Espresso is a staple in the coffee world, arguably the most iconic, serving as the foundation for drinks like Americanos and cappuccinos.
Mastering espresso is no easy feat—it’s one of the most intricate brewing methods, demanding precise equipment for a perfect result.
In this article, I’ll share what I’ve learned after using my first espresso machine for a few weeks.
1. Freshly roasted beans is a must
To achieve great results with espresso, fresh beans are essential. With older beans, the soluble and volatile compounds, as well as the CO2 trapped inside, have long expired.
Brewing espresso with freshly roasted beans is the only way to make a truly good espresso. Using old beans is almost like having a chemical reaction that doesn’t happen.
2. Darker roast are easier to extract
Darker roasts are definitely easier to extract, as they are naturally more soluble. It’s much simpler to achieve a perfect bottomless porta filter extraction with a darker roast, while medium roasts tend to have messy spraying, especially when they’re old.

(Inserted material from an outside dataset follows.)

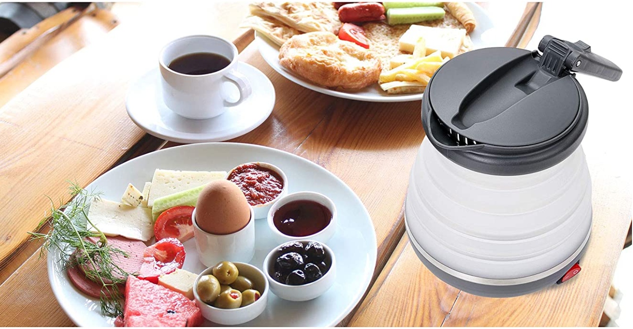 Те, чого ви не очікуєте, коли думаєте про чайник, - це силікон, складний корпус, який змушує чайник зайняти дуже мало місця. Компактні розміри, міцний матеріал і низька вага - це дуже великі переваги, які роблять чайник в будь -який багаж навіть руки або рюкзака. Крім того, після складання ви можете зберігати його в шафі або ящику, що забезпечить цінне місце на кухонному прилавку, наприклад, у невеликому причепі чи кемпері. Широка кришка отвору дозволяє зручно вилити та очищати воду. Всередині корпусу встановлюється великий круглий сталевий нагрівач. Просто налийте потрібну кількість води, увімкніть кнопку, щоб розмістити 1, а коли червона лампа освітлюється, управління, розміщеного в вимикачі, чекайте кипіння води. Функціональність у чистому вигляді! Додатковою перевагою цієї моделі чайника є спокійна операція та невелике споживання електроенергії, лише 750 століття.
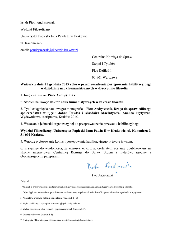 ks. dr Piotr Andryszczak Wydział Filozoficzny Uniwersytet Papieski Jana Pawła II w Krakowie ul. Kanonicza 9 email: [email protected] Centralna Komisja do Spraw Stopni i Tytułów Plac Defilad 1 00-901 Warszawa Wniosek z dnia 21 grudnia 2015 roku o przeprowadzenie postępowania habilitacyjnego w dziedzinie nauk humanistycznych w dyscyplinie filozofia 1. Imię i nazwisko: Piotr Andryszczak 2. Stopień naukowy: doktor nauk humanistycznych w zakresie filozofii 3. Tytuł osiągnięcia naukowego: monografia – Piotr Andryszczak, Droga do sprawiedliwego społeczeństwa w ujęciu Johna Rawlsa i Alasdaira MacIntyre’a. Analiza krytyczna, Wydawnictwo «scriptum», Kraków 2015. 4. Wskazanie jednostki organizacyjnej do przeprowadzenia przewodu habilitacyjnego: Wydział Filozoficzny, Uniwersytet Papieski Jana Pawła II w Krakowie, ul. Kanonicza 9, 31-002 Kraków. 5. Wnoszę o głosowanie komisji postępowania habilitacyjnego w trybie jawnym. 6. Przyjmuję do wiadomości, że wniosek wraz z autoreferatem zostanie opublikowany na stronie internetowej Centralnej Komisji do Spraw Stopni i Tytułów, zgodnie z obowiązującymi przepisami. Piotr Andryszczak Załączniki: 1.Wniosek o przeprowadzenie postępowania habilitacyjnego w dziedzinie nauk humanistycznych w dyscyplinie filozofia. 2. Odpis dyplomu uzyskania stopnia doktora nauk humanistycznych w zakresie filozofii z poświadczeniem zgodności z oryginałem. 3. Autoreferat w języku polskim i angielskim (załącznik 1 i 2). 4. Wykaz publikacji i wystąpień konferencyjnych (załącznik 3). 5. Wykaz osiągnięć dydaktycznych i popularyzacyjnych (załącznik 4). 6. Dane teleadresowe (załącznik 5). 7. Dwie płyty CD zawierające elektroniczne wersje kompletnej dokumentacji.

Darker roasts are also notably easier to extract at temperatures below 90°C and pressures under 9 bar in the puck.
3. 9 bars of pressure is the standard
While people often have their preferences for 12, 9, or 6 bars of pressure, the standard is typically 9 bars. This is likely due to factors like output and the need to extract the right amount of weight within the optimal time, without pulling too many of the burnt compounds.
This doesn’t imply that 9 bars will always taste better than 6 bars; it simply means that the standard setup typically uses 9 bars of pressure in the pump.

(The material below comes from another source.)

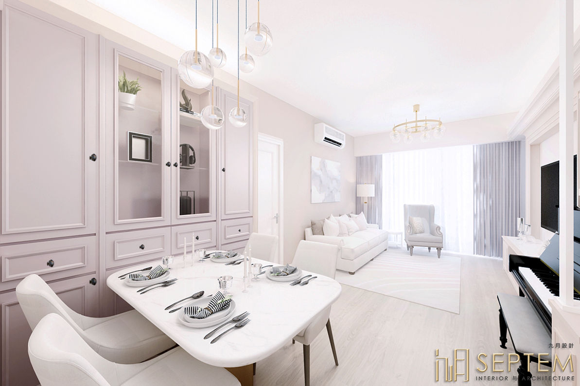 是次項目的主色調較為獨特,以杏、紫色粉系為主,有別於一般接觸甜美系的粉藍、粉紅色。為了烘托出優雅及浪漫的感覺,特意選用粉紫色,因為紫色是一種具有氣質的顏色,加上規劃上使用粉色系色彩能調教輕重感,這種基調的配色,正正能使環境變得更輕巧,令觀賞者入目時感覺放鬆、輕型。

4. 58mm porta filters doesn’t necessarily yield the best results
A 58mm porta filter is considered the commercial standard as it can with the right basket host over 21 grams of coffee for a double espresso.
In my opinion 58mm porta filter looks amazing and make visually some of the best bottomless extraction I’ve seen.
However, when considering taste and proper weight, I believe 14-16 grams of ground coffee is a much better dose for a double espresso. Additionally, having a deeper puck rather than a wider one allows for a coarser grind if needed, as the water will take longer to travel through. It is more forgiving if you will.
5. Your beans will only be good for a couple of weeks
With espresso, you can quickly notice how beans extract differently over just a few days due to oxygenation and the loss of CO2.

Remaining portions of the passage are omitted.